Sequence Activity Relationships are analogous to Structure Activity Relationships in medicinal chemistry, except that they describe activity as a function of sequence. Because sequences are series of monomers with chemical structure (e.g. alanine, lysine….), one can argue that underlying difference is negligible; however analyzing activity in terms of sequences is a convenient tool to illuminate activity relationships. This relationship between sequence and activity for biologics such as antibodies, peptides and nucleic acids, can be difficult to decipher because analysis requires the integration three types of data and algorithms to align it properly.  Sequences are a string of monomers that encode a biological entity that gets assayed to derive quantitative activity data that describes pharmacological function. These three data types are usually individually determined and stored and must be combined to create a complete, meaningful data set.
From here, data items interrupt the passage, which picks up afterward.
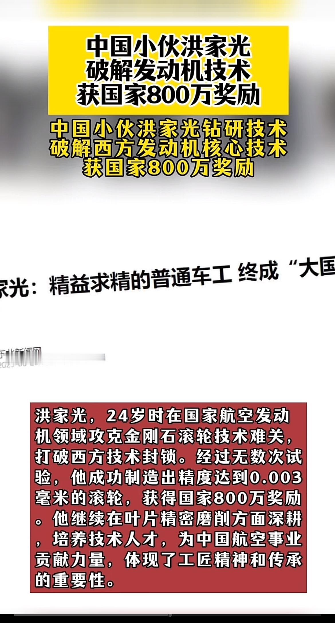 24岁小伙攻克航空发动机难题获国家800万奖励,这简直太牛了!这个小伙就是洪家光。2002年,沈阳黎明发动机厂被西方技术卡脖子,金刚石滚轮技术被锁,国内生产线废品率达85%。洪家光一个进厂才三年的技校生,站了出来。他在废料堆里翻检零件,用游标卡尺一次次丈量失败。某个凌晨,他闻到冷却液怪味,发现是0.1%的浓度偏差导致磨削温度失控。之后他自己折腾喷头,换管路、改角度、试流量,最终让精度达到0.002毫米。国家奖励他800万,他又全投回机床。他的故事太励志,为他点赞!
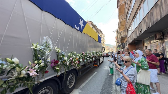 Visoko Şehir Mezarlığından sabah saatlerinde hareket eden, soykırımında hayatını kaybeden ve kimlikleri tespit edilen 30 kurbanın tabutlarını taşıyan konvoy, başkent Saraybosna'daki Cumhurbaşkanlığı binası önüne geldi.
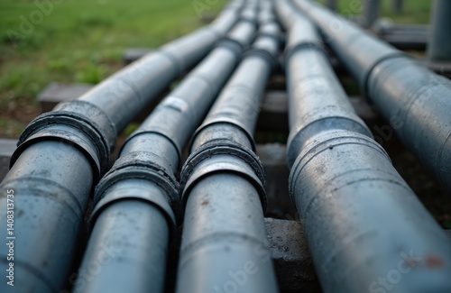 Close-up view of exterior heating pipes in urban environment. Industrial pipeline system runs along street supplying hot water gas. Infrastructure industry for supply. Construction of communication
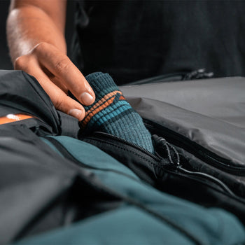 The GlobeRider45 is built from waterproof materials and has YKK® sealing zippers on all external pockets. This pack is designed to withstand light to medium precipitation for short periods. Outdoor coatings add further protection by letting water slick off the fabric.

Sequence data are arrays of monomers (sometimes referred to as residues), which must be arranged such that changes at a single position in the sequence can be related to changes in corresponding positions across all the sequences in a data-set. Sequences are aligned on rows in a matrix where each column corresponds to a single sequence position across the sequence set. Each column ideally correlates to a common position in 3D structure, a common site of interaction on a target and/or other common biologically / chemically relevant function. At the heart of understanding Sequence Activity Relationships is correlating changes in sequence columns with changes in activity data.
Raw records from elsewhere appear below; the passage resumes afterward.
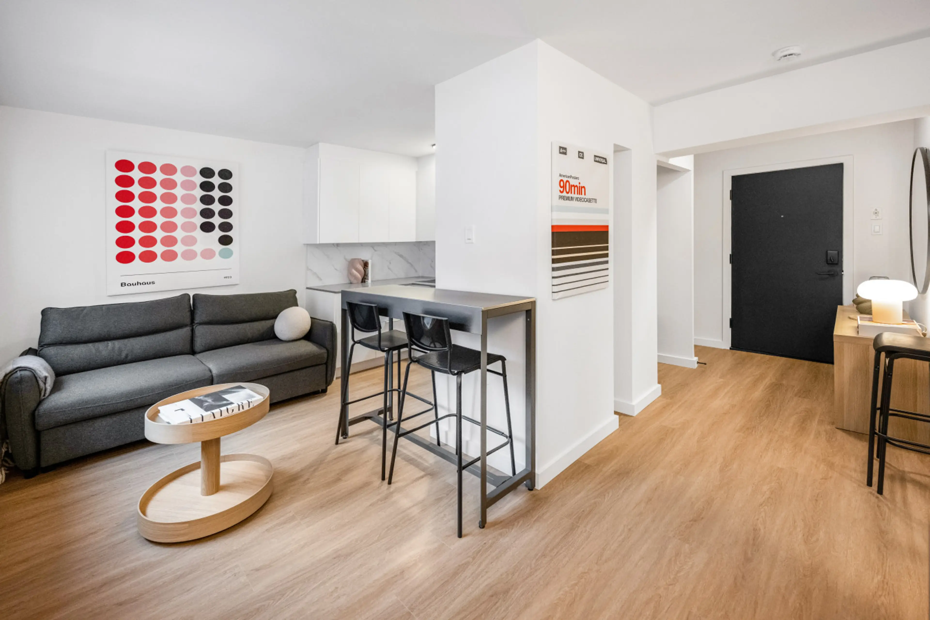 Stay in a spacious 1-bedroom suite with a separate living room and a bonus extra-comfort queen-size sofa bed. Sleeps up to 4 guests and is ideal for professionals, relocations, 31+ day visits, and long-term stays. Enjoy high-speed WiFi, Smart TV, full kitchen with cookware, A/C, plush linens, and el...
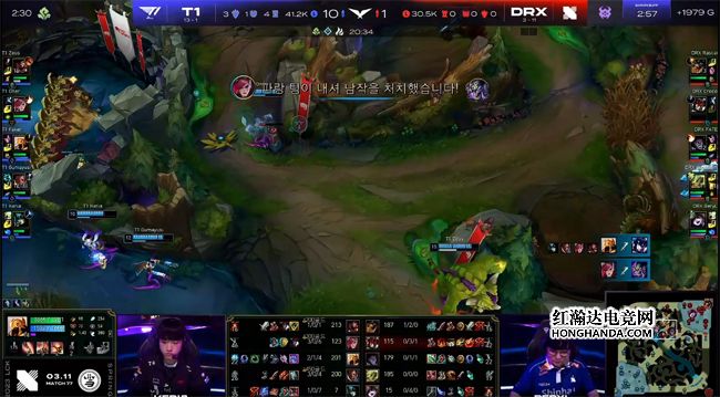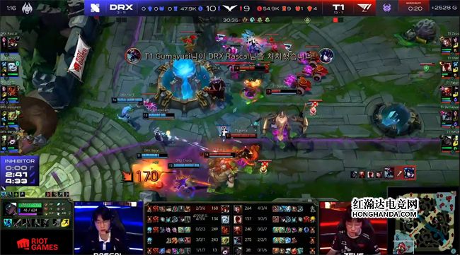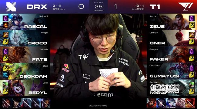 16分钟DRX付出下路一塔的代价,没有让T1捡第二只先锋之眼,T1则大举入侵DRX上半野区,打出0换3完全不亏,同时Zeus的纳尔还在下路单杀了Rascal的鳄鱼。大龙出生前DRX上路一塔告破,T1兵不血刃“听牌”了炼金龙魂,经济领先7千。中期T1明牌开大龙,DRX迫于三路兵线,只能由猪妹拼一手惩戒,T1先处理掉猪妹再稳稳地惩下大龙,失去了打野的DRX只能目送T1解锁龙魂!DRX经济落后1万6无力回天,最终T1平推中路高地,打出0换4一波结束比赛,稳扎稳打1-0先下一城!
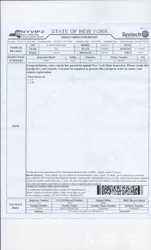 The total repair was $710.00 for the work needed .I asked if all the work was done. They said yes all the work you requested was done and the car has been tested. I have a ford credit card that I use for the repair all the time. I handed the cashier the card and she responded oh! No we don't except this card anymore .No notification, nothing. So I paid, sign the paper work, the release form and left. My car is for higher vehicle which means that I use the car for work this is my job my income, my livelihood the taxi and limousine commissioner in NY city requires this type of cars to be inspected every four months but the sticker will be issued yearly which means my last inspection was done on May 2017 at the same dealers the sticker shows that next inspection is due on May 2018 for a regular car is ok but for TLC the car has to be inspected by seep 2017.
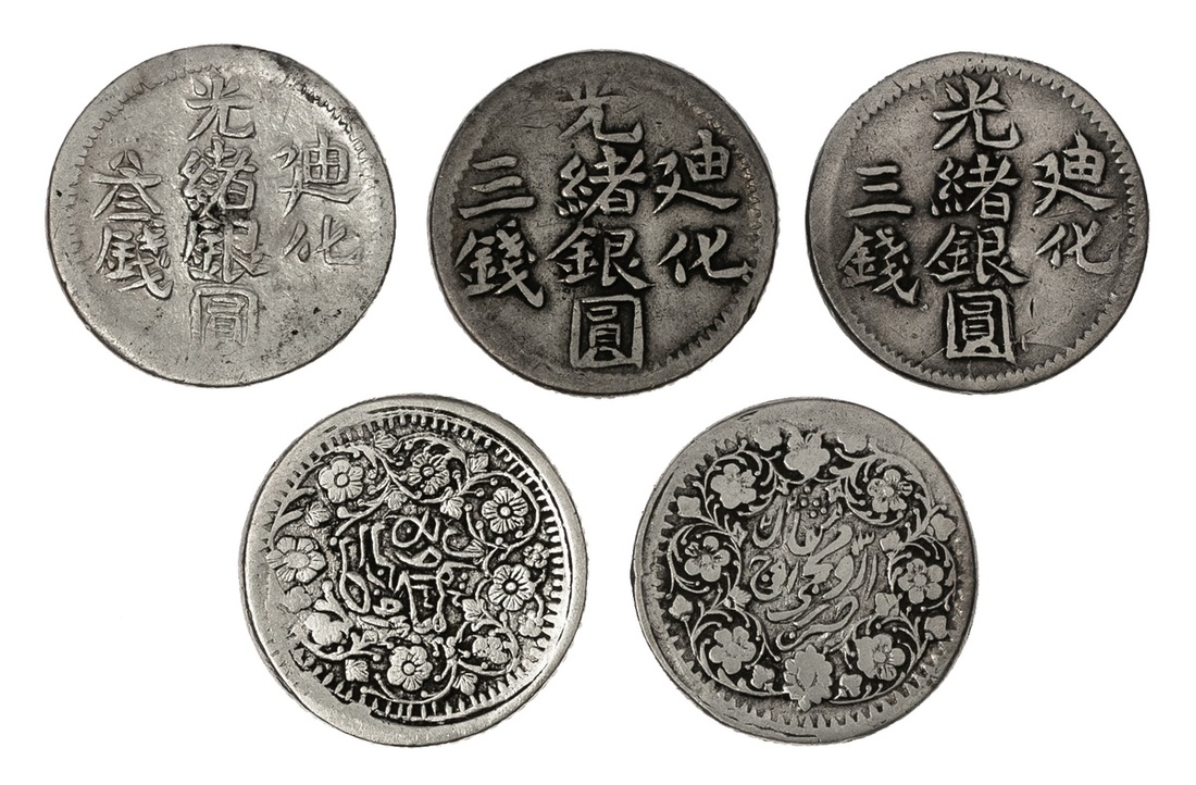 China. Xinjiang Province (Sinkiang). 3 Miscals, Ürümchi AH 1322.(3, var). Chinese legend; Turki legend within wreath. Normal san. Y.34; AH 1323, 132-. Official san at left. Y.34a. About VF-VF. (5)

If chemists synthesize molecules based on a template, modifications are incorporated in a position specific manner where position alignment can be saved for each molecule. These sequences are considered pre-aligned. This is the ideal scenario in which alignment remains unambiguous and future work to align sequences is unnecessary. Alternatively, if this is not the case, alignment of the sequences can be performed using a variation of the Needleman-Wunsch algorithm.  In this algorithm, gaps are inserted into each sequence to shift monomers to achieve an overall alignment such that each column contains monomers that maximizes overall global similarity for all columns. These gaps are represented with a dash or ‘-‘ in the alignment..

The third and final component in the analysis is the inclusion of a monomer table into the analysis to render chemical meaning to each element in the sequence. The monomer structure appears in a mouse over in the sequence table or can be added directly to a table to show the monomer structure in each cell. While the monomer abbreviations are useful in sequence analysis, chemical structure can be essential to elucidate molecular interactions that may occur at each position in the sequence/structure. The monomer table contains structure, names and abbreviations, font and background coloring, category, sorting information and any numeric data that the user would find useful. These data control the display, highlight important features of the data-set and can be used perform advanced analysis using physico-chemical properties of monomers at each position. Ideally a monomer table is maintained across a research group or even the entire company to maintain continuity in naming across projects.

Using SARvision|Biologics, sequences of biological entities, experimental data and the monomer table can be brought together create a cohesive data-set to study Sequence Activity Relationships. The program can read tabular data from file (Excel:*.csv), from Oracle and from CDDVault. The monomer table can similarly be stored locally as a file (excel *.csv file), or shared across a research groups on a CDDVault server or in an Oracle server.